Start of THE INPUT
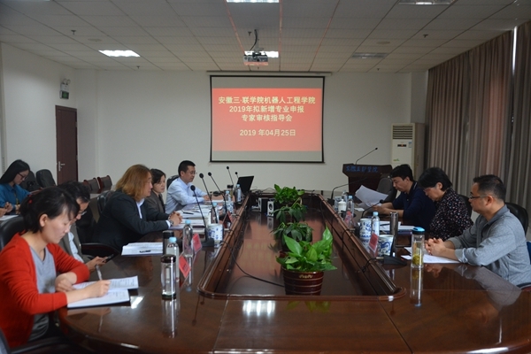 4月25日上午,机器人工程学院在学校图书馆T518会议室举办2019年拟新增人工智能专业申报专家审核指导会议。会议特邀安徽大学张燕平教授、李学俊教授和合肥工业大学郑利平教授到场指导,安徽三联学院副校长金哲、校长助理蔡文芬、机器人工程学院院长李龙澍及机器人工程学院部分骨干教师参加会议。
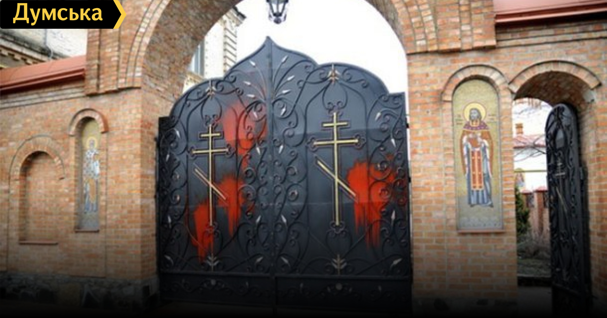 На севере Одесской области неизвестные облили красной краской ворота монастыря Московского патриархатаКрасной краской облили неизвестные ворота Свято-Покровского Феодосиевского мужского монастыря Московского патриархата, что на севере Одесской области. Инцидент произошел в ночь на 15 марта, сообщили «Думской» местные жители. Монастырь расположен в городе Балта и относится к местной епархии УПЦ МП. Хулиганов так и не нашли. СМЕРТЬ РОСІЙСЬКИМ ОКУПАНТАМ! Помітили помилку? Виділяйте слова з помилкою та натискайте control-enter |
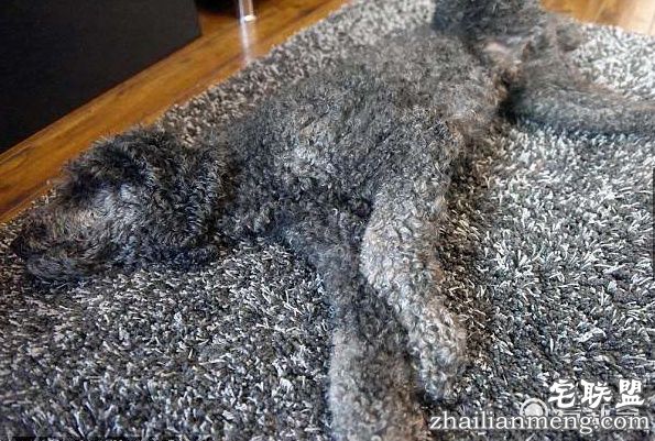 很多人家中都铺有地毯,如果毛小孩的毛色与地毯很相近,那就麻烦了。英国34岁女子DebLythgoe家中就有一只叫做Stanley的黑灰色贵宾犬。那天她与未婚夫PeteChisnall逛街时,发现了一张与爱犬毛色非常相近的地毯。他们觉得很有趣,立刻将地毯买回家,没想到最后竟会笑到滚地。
End of THE INPUT
Start of THE INPUT
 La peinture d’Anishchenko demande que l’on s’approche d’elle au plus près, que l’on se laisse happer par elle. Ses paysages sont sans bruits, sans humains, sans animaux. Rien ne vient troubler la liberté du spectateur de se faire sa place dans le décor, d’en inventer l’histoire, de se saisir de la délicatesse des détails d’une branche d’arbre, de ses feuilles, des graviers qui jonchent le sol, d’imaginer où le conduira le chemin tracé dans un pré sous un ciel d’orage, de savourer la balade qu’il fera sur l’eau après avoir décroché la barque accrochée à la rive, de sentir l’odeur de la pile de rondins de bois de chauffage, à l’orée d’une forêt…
End of THE INPUT
For this exercise, return exactly the lines above from the line with "4月25日上午,机器人工程学" through the line with "很多人家中都铺有地毯,如果毛", both included. Do not copy the pictures.

TASK OUTPUT:
 4月25日上午,机器人工程学院在学校图书馆T518会议室举办2019年拟新增人工智能专业申报专家审核指导会议。会议特邀安徽大学张燕平教授、李学俊教授和合肥工业大学郑利平教授到场指导,安徽三联学院副校长金哲、校长助理蔡文芬、机器人工程学院院长李龙澍及机器人工程学院部分骨干教师参加会议。
 На севере Одесской области неизвестные облили красной краской ворота монастыря Московского патриархатаКрасной краской облили неизвестные ворота Свято-Покровского Феодосиевского мужского монастыря Московского патриархата, что на севере Одесской области. Инцидент произошел в ночь на 15 марта, сообщили «Думской» местные жители. Монастырь расположен в городе Балта и относится к местной епархии УПЦ МП. Хулиганов так и не нашли. СМЕРТЬ РОСІЙСЬКИМ ОКУПАНТАМ! Помітили помилку? Виділяйте слова з помилкою та натискайте control-enter |
 很多人家中都铺有地毯,如果毛小孩的毛色与地毯很相近,那就麻烦了。英国34岁女子DebLythgoe家中就有一只叫做Stanley的黑灰色贵宾犬。那天她与未婚夫PeteChisnall逛街时,发现了一张与爱犬毛色非常相近的地毯。他们觉得很有趣,立刻将地毯买回家,没想到最后竟会笑到滚地。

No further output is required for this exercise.